In a preliminary analysis, several conclusions can be extracted from the TimeBliography (Figure 2). For instance, by doing a simple graphical, trend analysis the application reveals that the most prolific period as for the spatio-temporal modelling area has been from 1998 to 2005. Nonetheless, it must be highlighted that interest in this topic is growing nowadays, mainly motivated by the huge spread of technologies and devices able to track moving objects, e.g., smartphones, GPS receivers, smartwatches, amongst others. Mobile sensors are currently a universal, pervasive technology on which several research efforts have been focused. Reflecting such interest, in 2011, we started to collect references concerning the handling of time for modelling spatial phenomena. Part of the results of this surveyed work is this annotated bibliography; a continuous updated version is available online at http://spaceandtime.wsiabato.info. Figure 2 to Figure 7 provide an infographic of the main bibliographic characteristics and resources compiled in the TimeBliography. Siabato et al. [18] offers a complete description of this academic resource.

figure 1
Figure 1: Classification of spatio-temporal modelling trends and number of models per approach [17].
figure 2
Figure 2: Representation of references by Sections and modelling trends per year in the TimeBliography.
figure 3
Figure 3: Infographic of categories and sections in the TimeBliography.
figure 4
Figure 4: Infographic of type of publications registered in TimeBliography.
figure 5
Figure 5: Infographic of major publishers inserted in the TimeBliography’s database.
figure 6
Figure 6: Infographic of major journals, conference proceedings, and edited books.
figure 7
Figure 7: Infographic of the authors most referenced in the TimeBliography.

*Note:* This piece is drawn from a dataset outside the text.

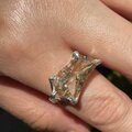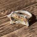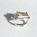 ルチルクォーツ 変形6角形ラフカット 交差する星の輝き ツメ留め シルバーSV925リング

3. Spatio-temporal Modelling in Brief2

The importance of time for analysing geographic phenomena has been considered since Hägerstrand’s studies [23-25]. A review of the earliest bibliography related to space and time, [26], shows that, while researchers in fields such as databases and information systems had not ignored spatio-temporal issues, the work they performed simply showed bare sketches of temporal geographic information systems (T-GIS)not even considering a basic spatio-temporal model [27]. Most research was focused on spatial and temporal databases independently. Later, these independent branches of research converged and became the basis for spatio-temporal database models that supported the earlier steps of T-GIS [12]. Figure 2 shows some relevant milestones in the evolution of T-GIS.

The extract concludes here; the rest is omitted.